Exercise:
Line by line, return the listing exactly, without any of the images.

Source material:
◆ ◆ ◆ ◆ ◆

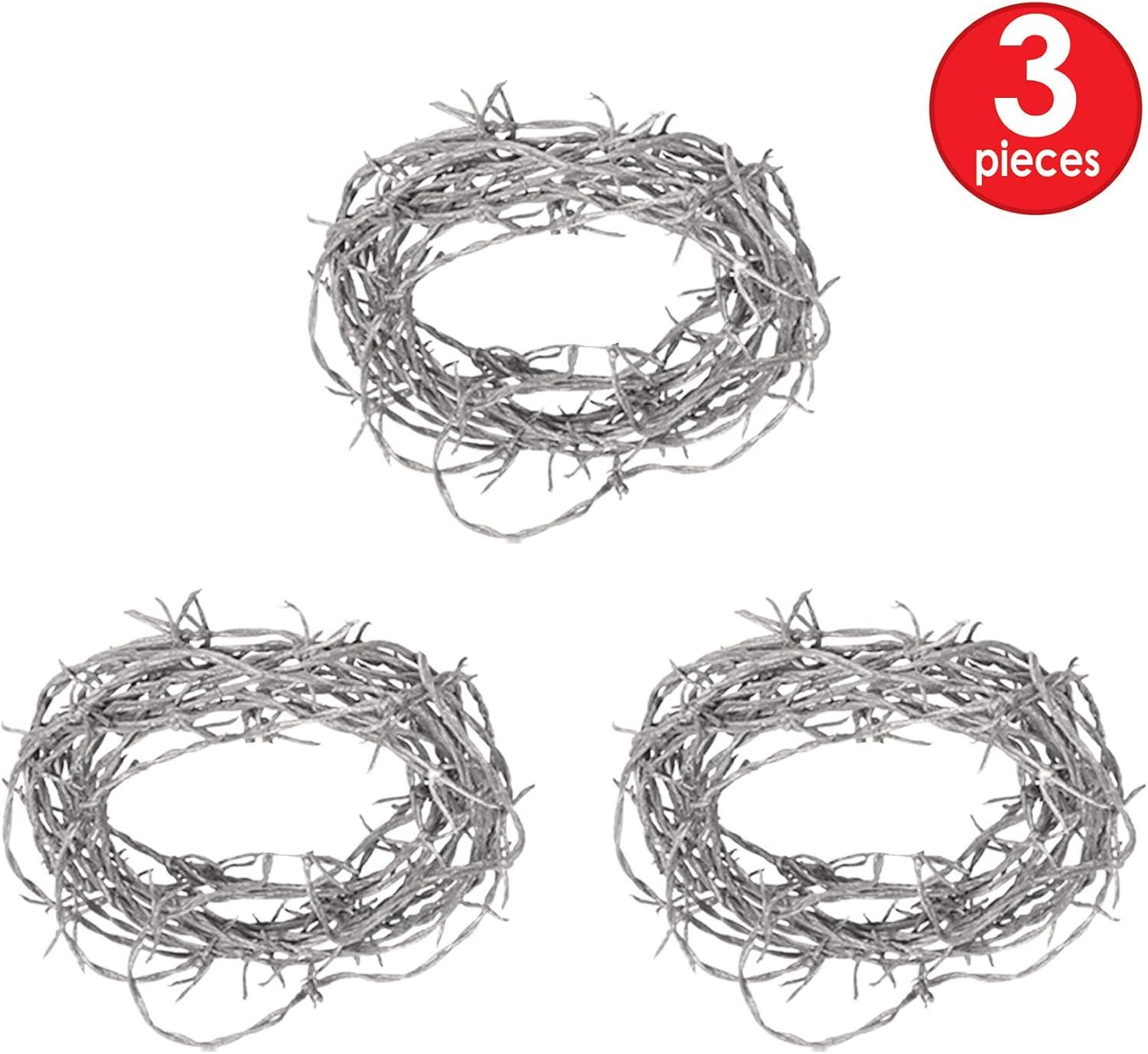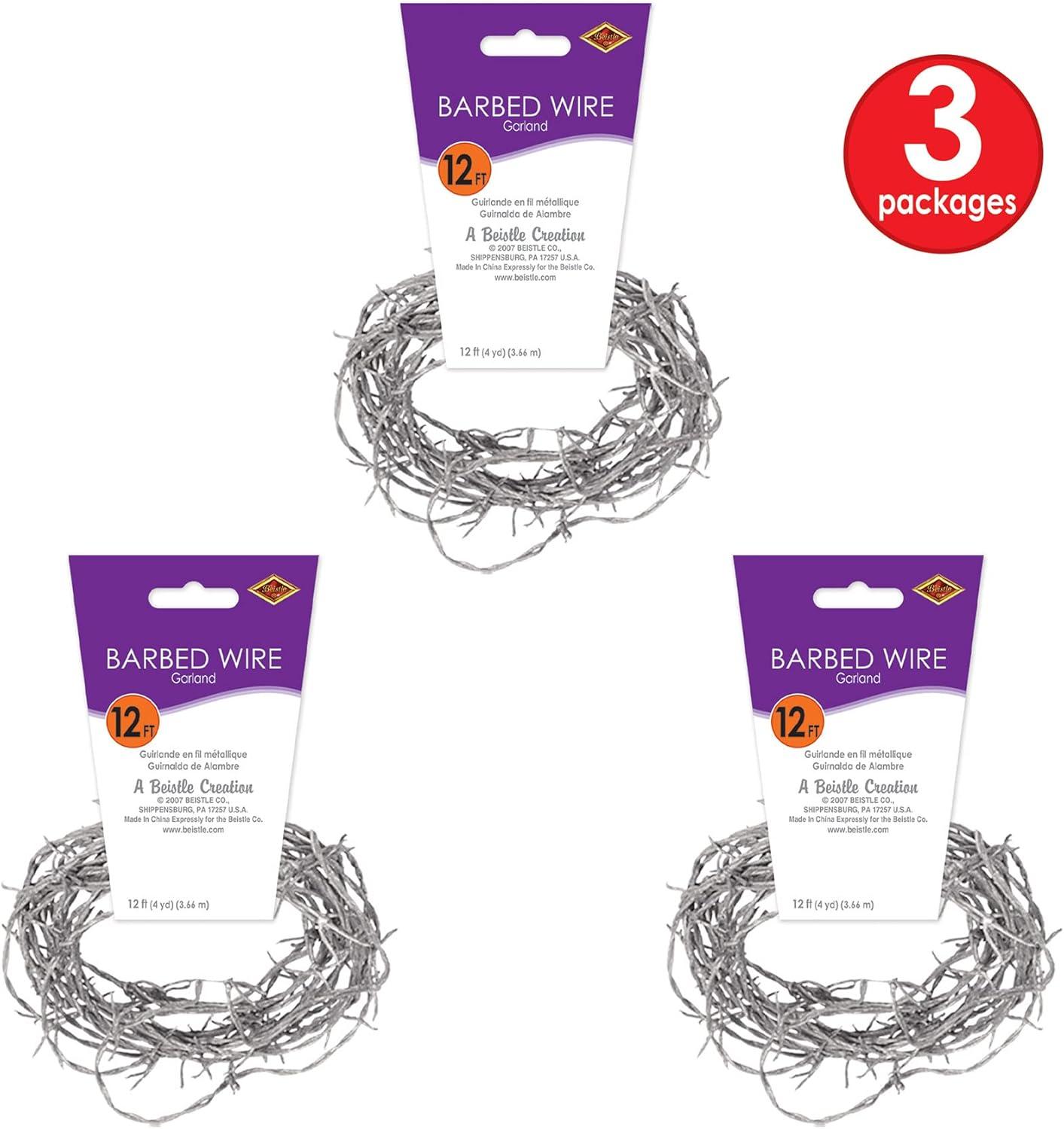 Beistle Silver Barbed Wire Garland 3-Count – 12 Ft Decorative Cord Props for Halloween Parties, Haunted Houses, Zombie Zones, Jailhouse Scenes, Dungeon Decor and Western-Themed Events
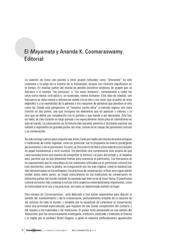 Editorial. El Mayamata y Ananda K. Coomaraswamy
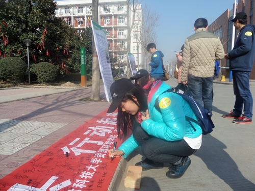 中午,资环公司研究生会与员工会分别在南、北校利用图文并茂的展板、直观的宣传单以及醒目的条幅等开展了土壤日宣传及保护土壤宣誓签字活动。他们着重对土壤日的由来、土壤污染现状及治理过程中的难度等知识进行了宣传。过往同学表示收益匪浅,并在活动现场的宣传条幅上签名。

◆ ◆ ◆ ◆ ◆

Reply to the task:
 Beistle Silver Barbed Wire Garland 3-Count – 12 Ft Decorative Cord Props for Halloween Parties, Haunted Houses, Zombie Zones, Jailhouse Scenes, Dungeon Decor and Western-Themed Events
 Editorial. El Mayamata y Ananda K. Coomaraswamy
 中午,资环公司研究生会与员工会分别在南、北校利用图文并茂的展板、直观的宣传单以及醒目的条幅等开展了土壤日宣传及保护土壤宣誓签字活动。他们着重对土壤日的由来、土壤污染现状及治理过程中的难度等知识进行了宣传。过往同学表示收益匪浅,并在活动现场的宣传条幅上签名。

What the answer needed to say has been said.